(Aim of the task)
Write out again, word for word, the lines below from the line that holds "新建廈門北站換乘中心屋面安裝" through the line that holds "In occasione della", omitting pictures.

(Records for the exercise)
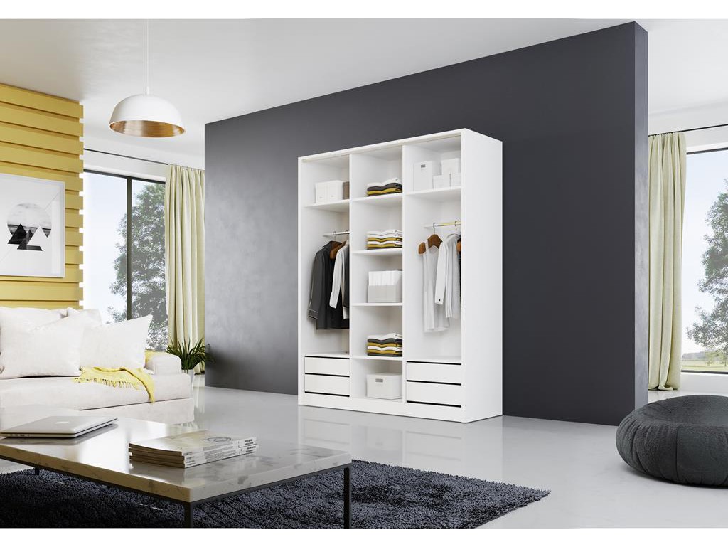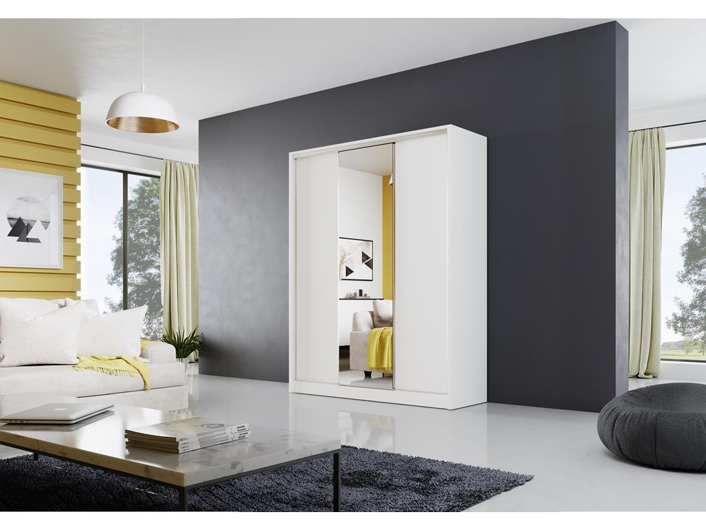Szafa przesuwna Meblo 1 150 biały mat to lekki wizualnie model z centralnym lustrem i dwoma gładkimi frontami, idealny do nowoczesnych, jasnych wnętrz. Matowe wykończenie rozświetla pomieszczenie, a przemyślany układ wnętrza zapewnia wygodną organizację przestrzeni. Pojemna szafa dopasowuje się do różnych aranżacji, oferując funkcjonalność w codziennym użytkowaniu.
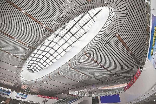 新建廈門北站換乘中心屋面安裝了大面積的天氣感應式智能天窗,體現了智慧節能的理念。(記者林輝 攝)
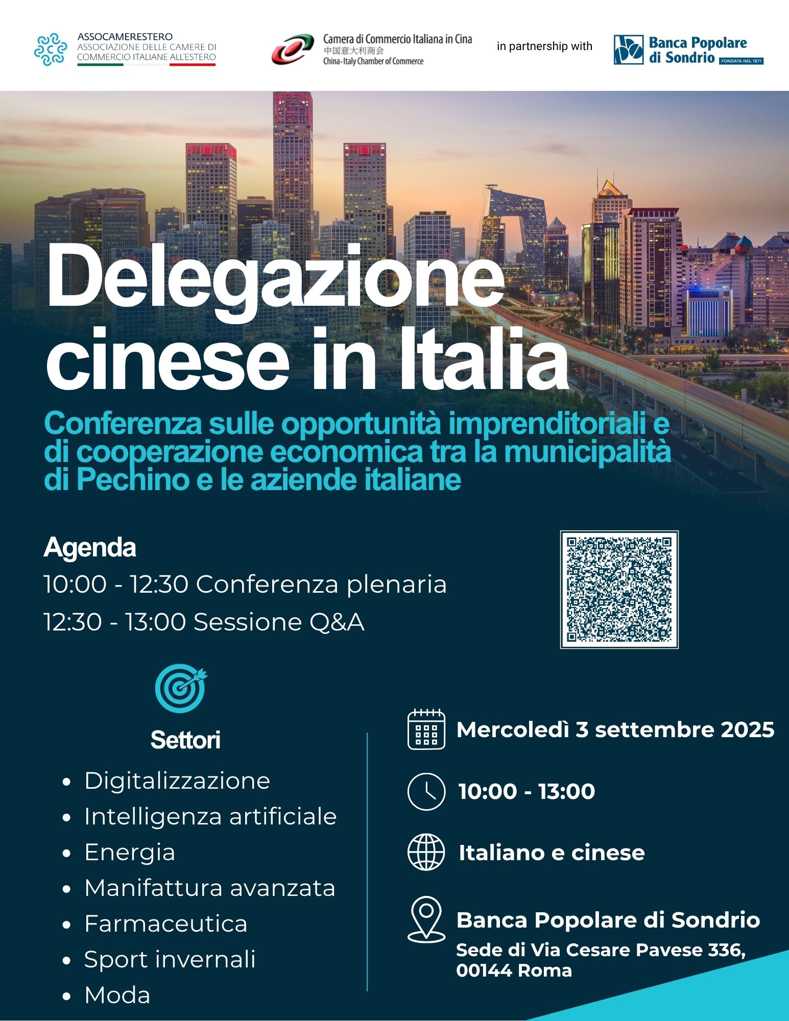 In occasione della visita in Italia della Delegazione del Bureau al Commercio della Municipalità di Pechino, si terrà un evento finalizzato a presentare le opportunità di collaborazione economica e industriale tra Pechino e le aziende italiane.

...

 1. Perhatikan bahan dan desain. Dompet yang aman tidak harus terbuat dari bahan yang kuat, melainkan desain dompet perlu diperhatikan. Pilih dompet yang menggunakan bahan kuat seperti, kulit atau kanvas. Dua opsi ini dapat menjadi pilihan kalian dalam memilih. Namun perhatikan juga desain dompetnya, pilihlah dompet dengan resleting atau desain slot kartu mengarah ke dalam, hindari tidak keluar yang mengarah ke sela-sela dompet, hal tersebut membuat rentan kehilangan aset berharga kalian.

(Exercise result)
 新建廈門北站換乘中心屋面安裝了大面積的天氣感應式智能天窗,體現了智慧節能的理念。(記者林輝 攝)
 In occasione della visita in Italia della Delegazione del Bureau al Commercio della Municipalità di Pechino, si terrà un evento finalizzato a presentare le opportunità di collaborazione economica e industriale tra Pechino e le aziende italiane.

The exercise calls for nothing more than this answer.